Not so much constraints per-se, but from a CAD drafting perspective I use Illustrator with Astute's SubScribe [1] plugin (used to be free) and Hot Door's CADTools [2] (one-time cost ~$300). The former is lightweight (e.g. tangency/perpendicular, orient tools) which is pretty nice (especially if you have extend path options from VectorScribe, a separate plugin of theirs). The latter is very robust and probably has some features most people wouldn't need, but lets you get pretty technical with designs.
There's a new UI tool called Dora [3] that has a simple yet novel constraint system that you might like. Tool is still early alpha but growing quickly.
That being said, Graphite's node-based system makes it a viable foundation to build this on! I've helped contribute to the project and Keavon (the creator) definitely has some thoughts on constraint nodes (e.g. for snapping, but also for restraint/relationships).
Yes, that is very much the plan! I'm glad you asked because it's good to know people are needing that functionality in the real world. It'll probably start out with simple constraints but ideally turn to the constraint stack system like that in Fusion 360 and other CAD software over time. (I need to actually learn Fusion 360 so I have firsthand experience with that, though, plus then I could finally stop just lazily using Blender for all my 3D printing models.)

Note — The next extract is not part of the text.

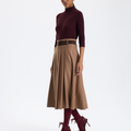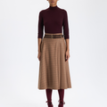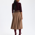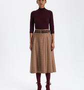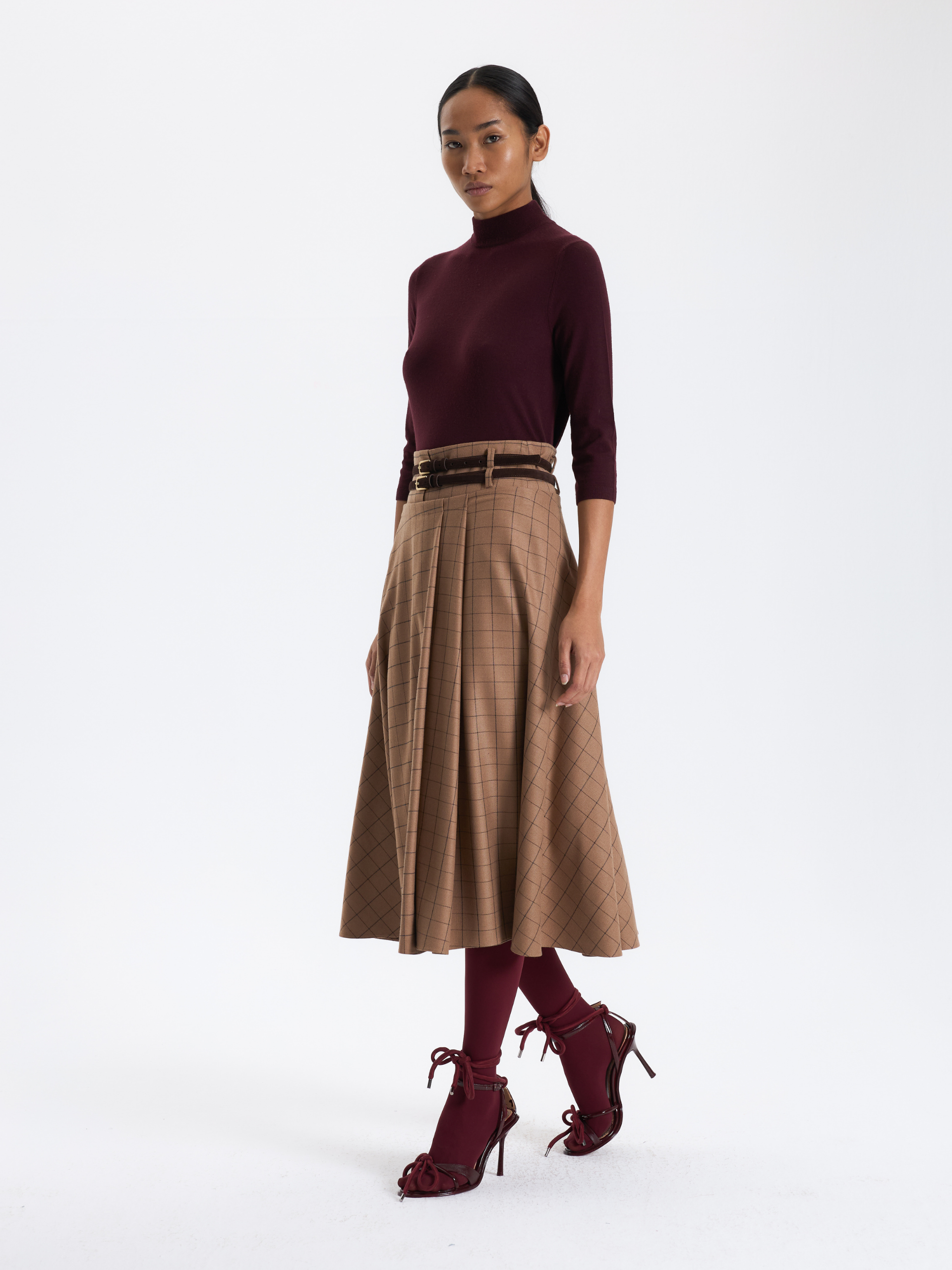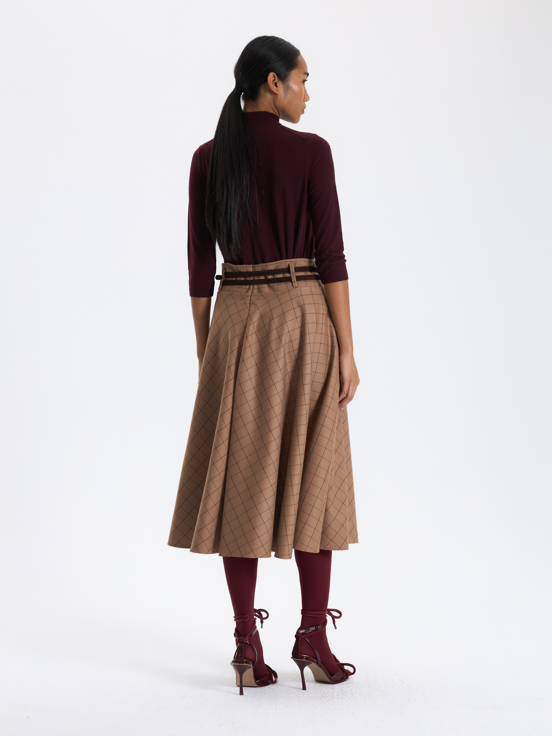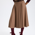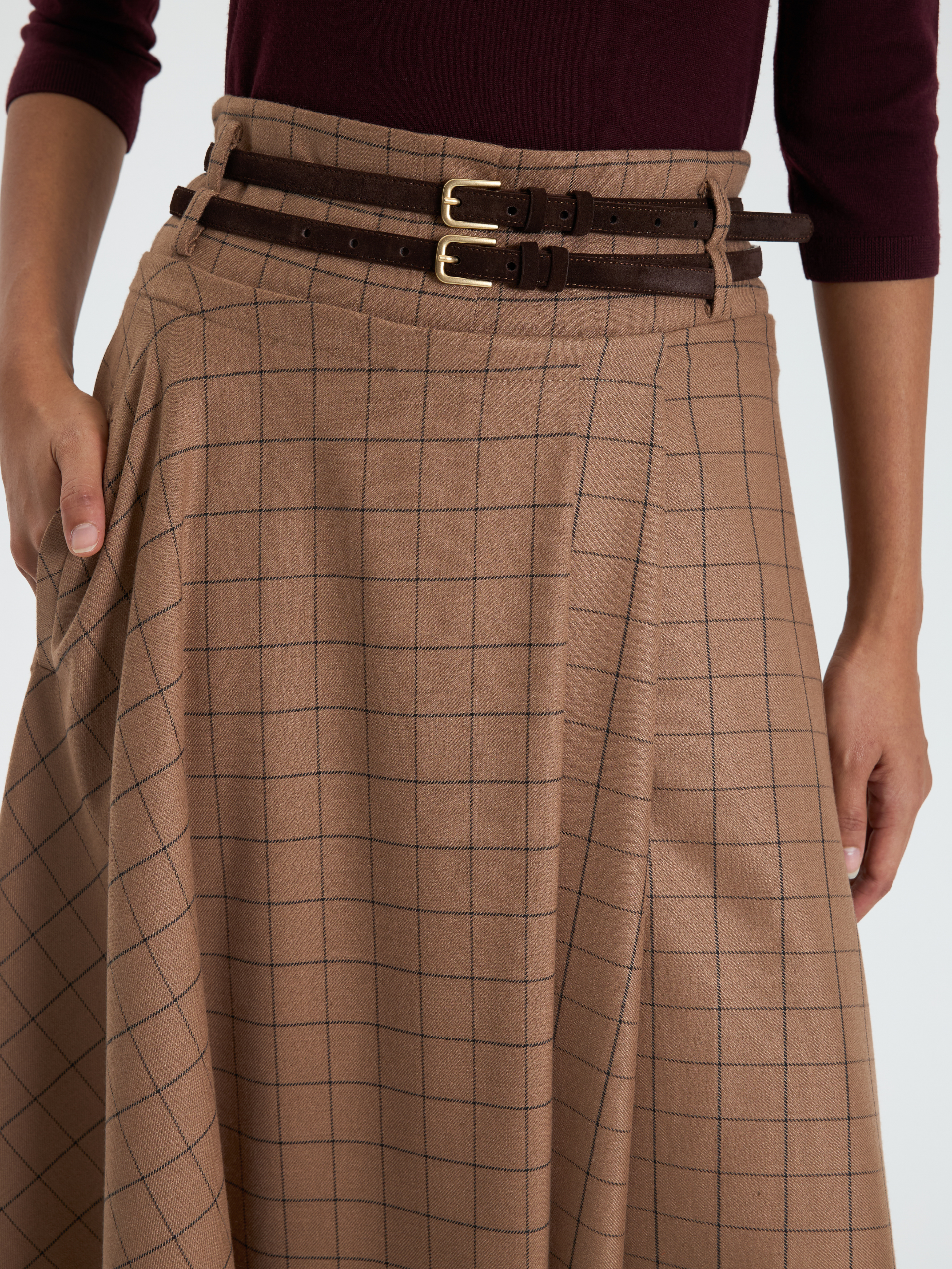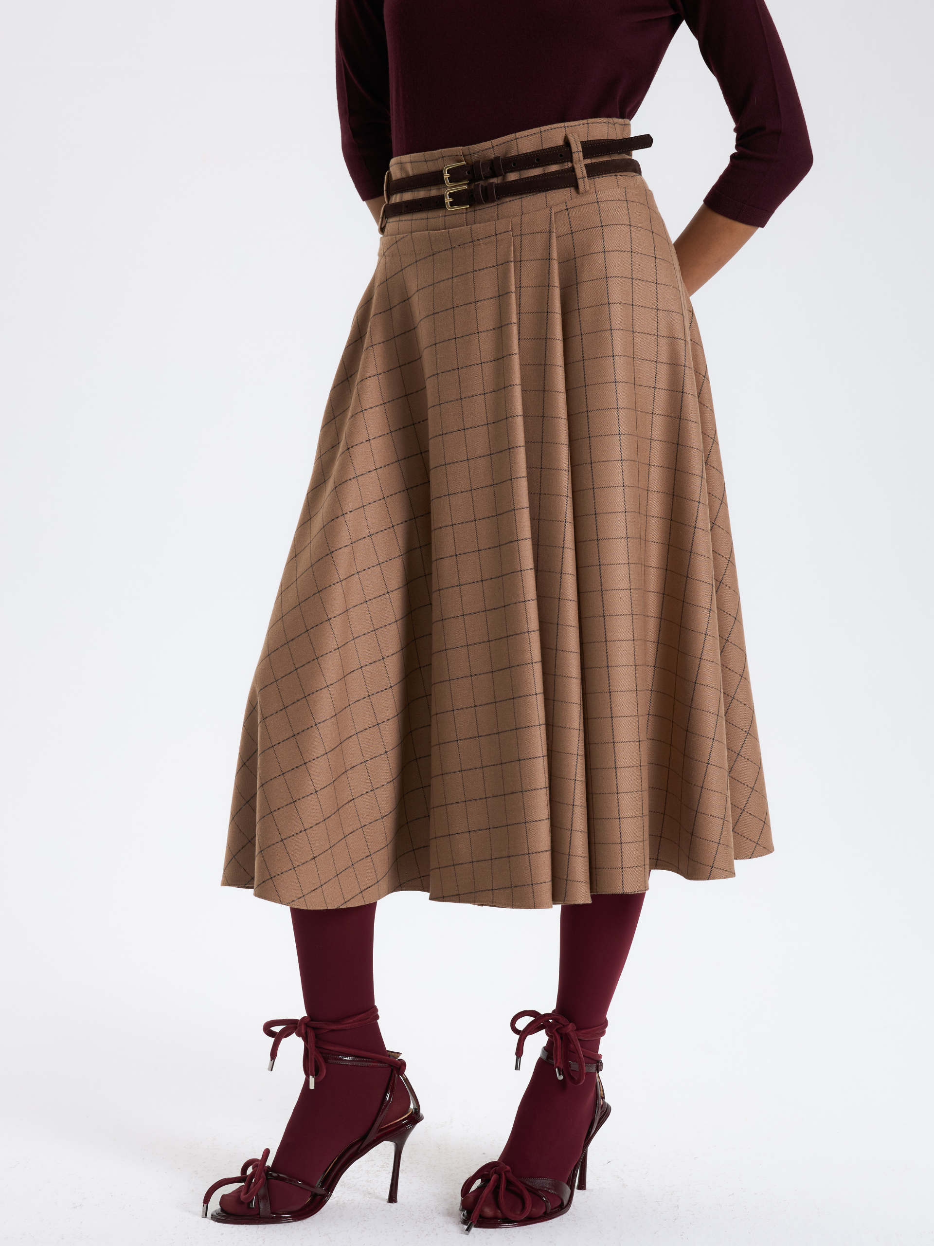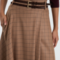 Ekose deseni ve çift kuşak detayıyla klasik bir şıklık sunan A kesim etek, zamansız bir seçim.

I'm working on a 2d vector editor that'll have that. It's basically a normal editor but where all properties can be expressions that refer to data or other objects. My first target use is for data visualization. What use cases are you interested in?
Cool! I’ve been using Inkscape for floor plans and landscaping lately. And before that designing a custom split keyboard body. And random things to cut out on my Cricut.
I don’t need a full CAD constraint solver. Just simple constraints would go a really long way (make X the same width as Y; make A spaced N units from B; etc.). Basically just a glorified spreadsheet where object properties can be accessed and read from cells and objects can have other properties assigned from the cells. Though it doesn’t have to be represented as an actual spreadsheet, of course.